▶ [EXERCISE PROMPT] An exact restatement is required. Cover only the lines of the records from the first through the line with "Merimé Prosper, Lettera", and skip pictures.

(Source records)
=== Section Start ===
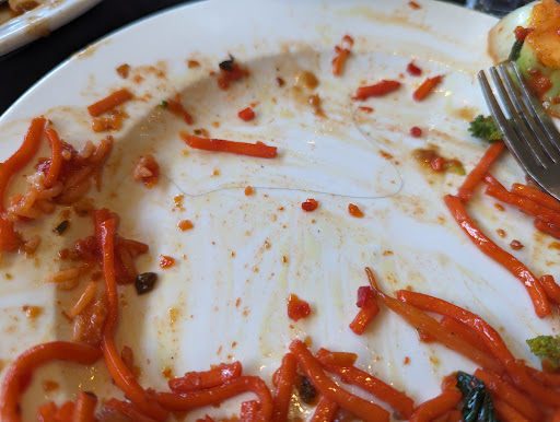 When we placed the order and asked for the chili chicken to be extra spicy, the server who is at least 40 years old, replied in a fake, babyish voice that they'd provide extra chili sauce on the side, which is definitely not the same thing. However, it was just chili in vinegar and didn't actually make the dish any spicier.
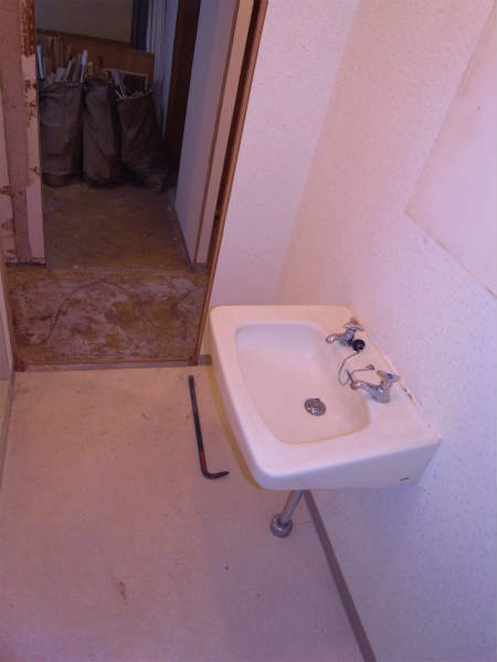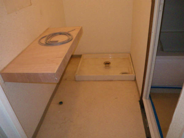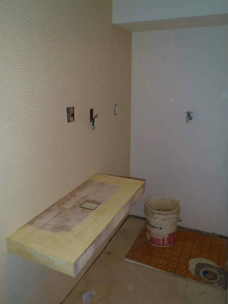 既存洗面器を撤去し、給水給湯排水管を切り廻し、洗面ボウルを乗せる台を造作し、
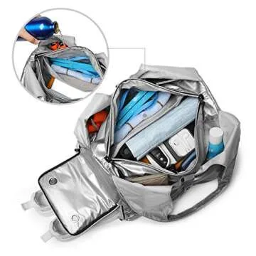 Travel Yoga Gym Bag for Women, Carrying Workout Gear, Makeup, and Accessories, Shoe Compartment and Wet Dry Storage Pockets(Medium,Sliver)
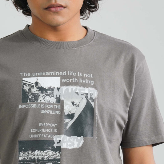 Men's Grey Cotton Oversized T-Shirt
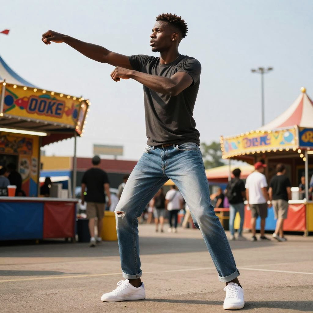 Full body shot of a tall Black male dancer performing a dynamic pose outdoors at a carnival. He is wearing stylish light blue ripped jeans, a fitted black t-shirt, and white sneakers. The background shows carnival game booths with colorful tents and people walking around on a clear day.
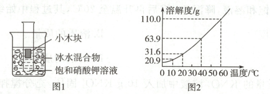 11.某兴趣小组用硝酸钾进行了系列实验,如图1所示,试管内盛有$20^{\circ}C$的硝酸钾饱和溶液,其上漂浮一小木块,图2为硝酸钾溶解度与温度的关系。将试管插入烧杯内的冰水混合物中,一段时间后,下列有关说法错误的是(
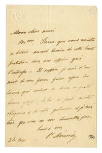 Merimé Prosper, Lettera autografa firmata inviata a Monsieur Mallac. Non datata.
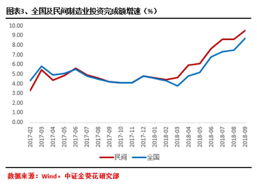 从行业角度来看,民间投资于全国投资保持基本一致趋势。制造业前三季度民间固定资产投资完成额同比增长9.5%,比1-8月增加0.9个百分点,继续维持增长趋势。从去年底到今年三季度,民间的制造业投资增速实现翻倍。
=== Section End ===
▶ [EXERCISE RESULT]
 When we placed the order and asked for the chili chicken to be extra spicy, the server who is at least 40 years old, replied in a fake, babyish voice that they'd provide extra chili sauce on the side, which is definitely not the same thing. However, it was just chili in vinegar and didn't actually make the dish any spicier.
 既存洗面器を撤去し、給水給湯排水管を切り廻し、洗面ボウルを乗せる台を造作し、
 Travel Yoga Gym Bag for Women, Carrying Workout Gear, Makeup, and Accessories, Shoe Compartment and Wet Dry Storage Pockets(Medium,Sliver)
 Men's Grey Cotton Oversized T-Shirt
 Full body shot of a tall Black male dancer performing a dynamic pose outdoors at a carnival. He is wearing stylish light blue ripped jeans, a fitted black t-shirt, and white sneakers. The background shows carnival game booths with colorful tents and people walking around on a clear day.
 11.某兴趣小组用硝酸钾进行了系列实验,如图1所示,试管内盛有$20^{\circ}C$的硝酸钾饱和溶液,其上漂浮一小木块,图2为硝酸钾溶解度与温度的关系。将试管插入烧杯内的冰水混合物中,一段时间后,下列有关说法错误的是(
 Merimé Prosper, Lettera autografa firmata inviata a Monsieur Mallac. Non datata.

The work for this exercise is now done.